Shift-JIS	JIS X 0208 Appendix 1 standard for Japanese (see CP932)

	Note
	Some encodings are only supported for the data conversion and are not used as locale values (Section 8.3.1, “Basics of encoding”).

For character sets which fit in single byte such as ASCII and ISO-8859 character sets, the character encoding means almost the same thing as the character set.

For character sets with many characters such as JIS X 0213 for Japanese or Universal Character Set (UCS, Unicode, ISO-10646-1) for practically all languages, there are many encoding schemes to fit them into the sequence of the byte data.

EUC and ISO/IEC 2022 (also known as JIS X 0202) for Japanese
UTF-8, UTF-16/UCS-2 and UTF-32/UCS-4 for Unicode

For these, there are clear differentiations between the character set and the character encoding.

The code page is used as the synonym to the character encoding tables for some vendor specific ones.

Note

Please note most encoding systems share the same code with ASCII for the 7 bit characters. But there are some exceptions. If you are converting old Japanese C programs and URLs data from the casually-called shift-JIS encoding format to UTF-8 format, use "CP932" as the encoding name instead of "shift-JIS" to get the expected results: 0x5C → "\" and 0x7E → "~" . Otherwise, these are converted to wrong characters.

	Tip
	recode(1) may be used too and offers more than the combined functionality of iconv(1), fromdos(1), todos(1), frommac(1), and tomac(1). For more, see "`info recode`".

11.1.2. Checking file to be UTF-8 with iconv

You can check if a text file is encoded in UTF-8 with iconv(1) by the following.

$ iconv -f utf8 -t utf8 input.txt >/dev/null || echo "non-UTF-8 found"

	Tip
	Use "`--verbose`" option in the above example to find the first non-UTF-8 character.

11.1.3. Converting file names with iconv

Here is an example script to convert encoding of file names from ones created under older OS to modern UTF-8 ones in a single directory.

#!/bin/sh
ENCDN=iso-8859-1
for x in *;
 do
 mv "$x" "$(echo "$x" | iconv -f $ENCDN -t utf-8)"
done

The "$ENCDN" variable should be set by the encoding value in Table 11.2, “List of encoding values and their usage”.
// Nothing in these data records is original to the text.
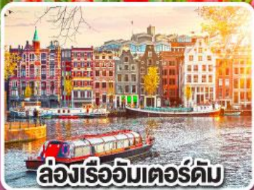
ล่องเรืออัมสเตอร์ดัม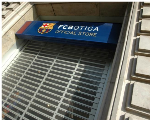
Mod. SEGURTRANS ESPECIAL anodizado Plata Mate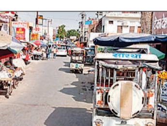
देवाधानकुंड मार्ग पर सड़क पर प्रतिबंध के बाद भी खड़े ई रिक्शा।

प्रतिबंध के बावजूद अवैध स्टैंड सीन-3 आरटीसी योजना में रायगंज तिराहे से रामघाट चौराहे तक के मार्ग को चिह्नित किया गया है। हाईवे व अयोध्या धाम रेलवे स्टेशन से राम मंदिर जाने वाले मार्गों में यह प्रमुख मार्ग है। यहां देवाधानकुंड मोड़ पर ही भारी अतिक्रमण है, साथ यहां ई- रिक्शा वाहनों ने प्रतिबंध के बावजूद अवैध स्टैंड बना रखा है। यहां यातायात कर्मियों की तैनाती भी है, लेकिन वह कार्रवाई करते नजर नहीं आते।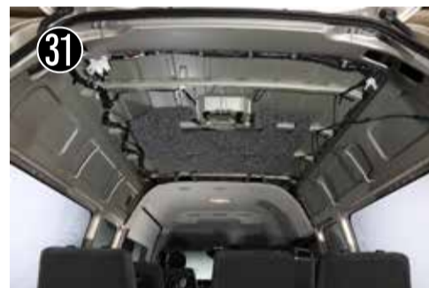
31 ブラケットを大きく切り欠いている方（車両前側）から通していきます。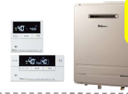
Paloma ・FH-E2022SAWL MFC-E226V ◎456,060円(税込)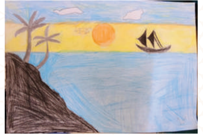
NOUF BIN NOUSHAD, CLASS 3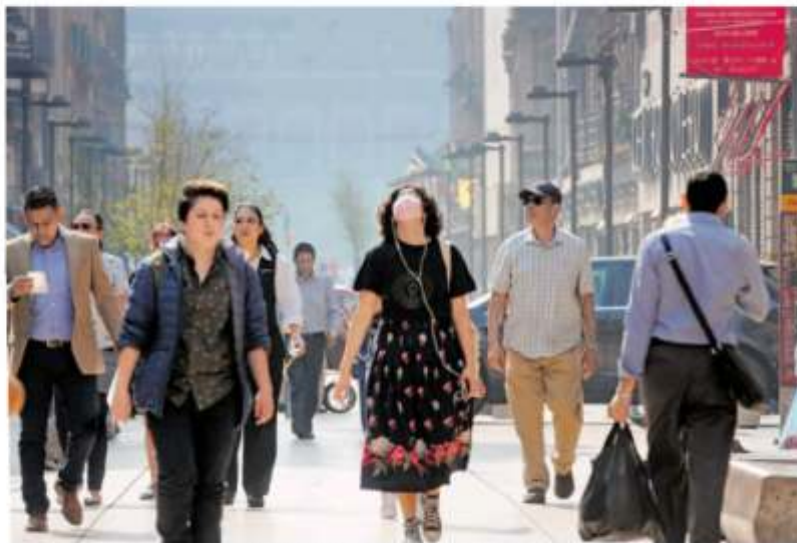
¿Ojos llorosos? Se registraron 39 incendios en la Ciudad de México ayer.

"Estamos en una situación extraordinaria dada las altas temperaturas, el incremento de los incendios agrícolas y forestales en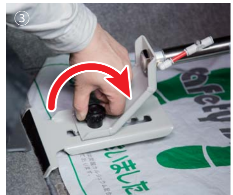
③ つまみノブを締め、ツールベースを固定します。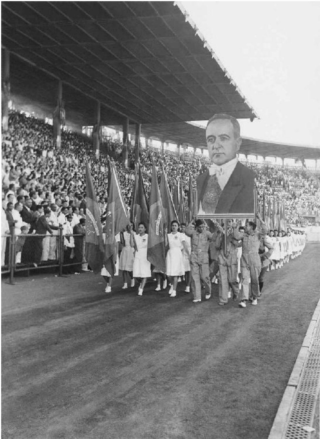
Fotógrafo não identificado, Primeiro de maio de 1942 no Campo do Vasco, Rio de Janeiro, 1942. Gelatina/prata. Acervo Iconographia.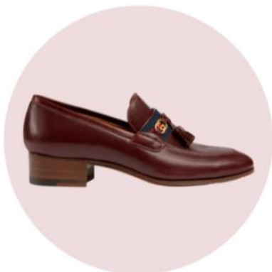
Mocasines firmados por Gucci.

Un diminuto tacón cuadrado no le hace daño a nadie, es más, prácticamente no se siente al caminar, eleva tus piernas y las estiliza. Cuando se trata de mocasines , esa es la propuesta de tacón de varias casas de moda, con diseños retro que nos transportan a los años setenta con facilidad (hay más de un par de este estilo de zapatos en el clóset de mi abuela). No obstante, ahora los llevamos con calcetas (pueden ser transparentes o blancas), en fusión con jeans y hasta faldas midi. La unión de dos eras nunca se había visto tan bien.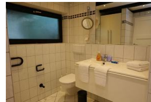
Das zweite Bad mit Handwaschbecken, Toilette und...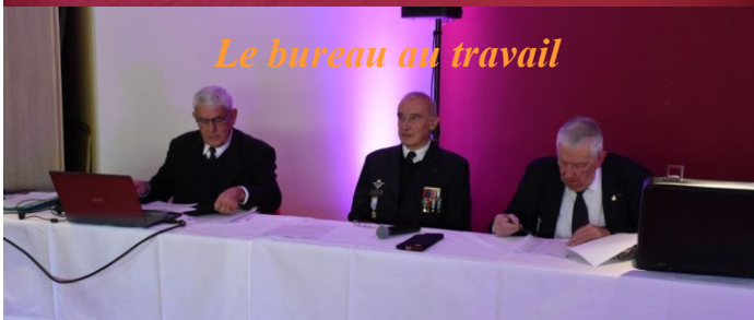
Le bureau au travail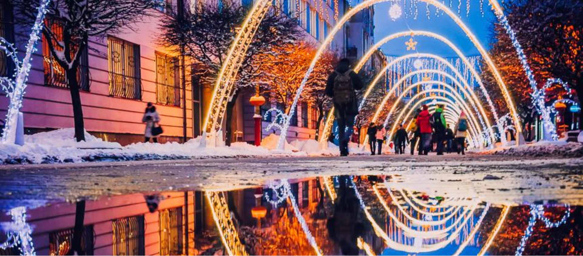
СВІТЛОДІОДНІ АРКИ НА СТОМЕТРІВЦІ Місцезнаходження: Україна, Івано-Франківськ 2017 46 однакових арок зі світлодіодною ілюмінацією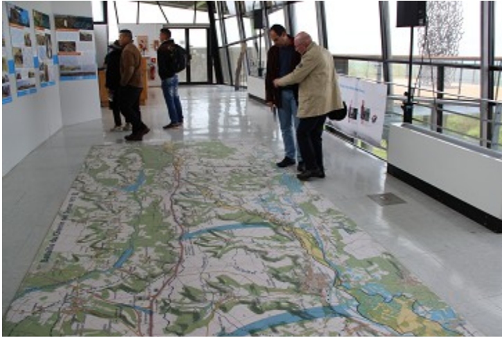
Carte du Chemin des Dames au sol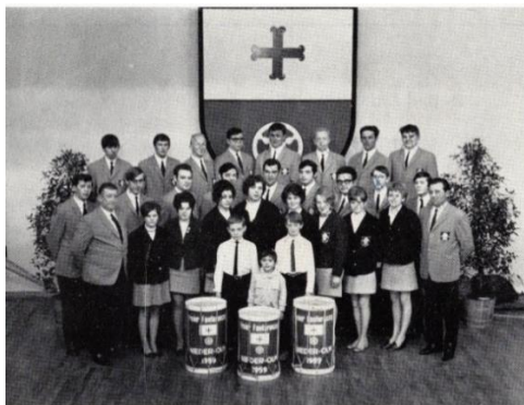
1969, zehn Jahre freier Fanfarenzug. 103

Durch die unzähligen öffentlichen Auftritte im Nieder-Olmer Jahresgeschehen, sowie den erlebnisreichen Gastbesuchen in den Partnergemeinden von Nieder-Olm, wurde aus dem einstigen traditionellen Fanfarenzug eine feste Institution in der musikalischen Welt von Nieder-Olm. Wegen fehlendem Nachwuchs löste sich 2021 jedoch der Musikverein auf. 102

For more complicated case, please mount a filesystem (e.g. a partition on a disk drive) containing such file names with proper encoding as the mount(8) option (see Section 8.3.6, “Filename encoding”) and copy its entire contents to another filesystem mounted as UTF-8 with "cp -a" command.

11.1.4. EOL conversion

The text file format, specifically the end-of-line (EOL) code, is dependent on the platform.

Table 11.3. List of EOL styles for different platforms

platform	EOL code	control	decimal	hexadecimal
Debian (unix)	LF	`^J`	10	0A
MSDOS and Windows	CR-LF	`^M^J`	13 10	0D 0A
Apple's Macintosh	CR	`^M`	13	0D

The EOL format conversion programs, fromdos(1), todos(1), frommac(1), and tomac(1), are quite handy. recode(1) is also useful.

	Note
	Some data on the Debian system, such as the wiki page data for the `python-moinmoin` package, use MSDOS style CR-LF as the EOL code. So the above rule is just a general rule.

	Note
	Most editors (eg. `vim`, `emacs`, `gedit`, …) can handle files in MSDOS style EOL transparently.

	Tip
	The use of "`sed -e '/\r$/!s/$/\r/'`" instead of todos(1) is better when you want to unify the EOL style to the MSDOS style from the mixed MSDOS and Unix style. (e.g., after merging 2 MSDOS style files with diff3(1).) This is because `todos` adds CR to all lines.

11.1.5. TAB conversion

There are few popular specialized programs to convert the tab codes.

Table 11.4. List of TAB conversion commands from bsdmainutils and coreutils packages

function	`bsdmainutils`	`coreutils`
expand tab to spaces	"`col -x`"	`expand`
unexpand tab from spaces	"`col -h`"	`unexpand`

indent(1) from the indent package completely reformats whitespaces in the C program.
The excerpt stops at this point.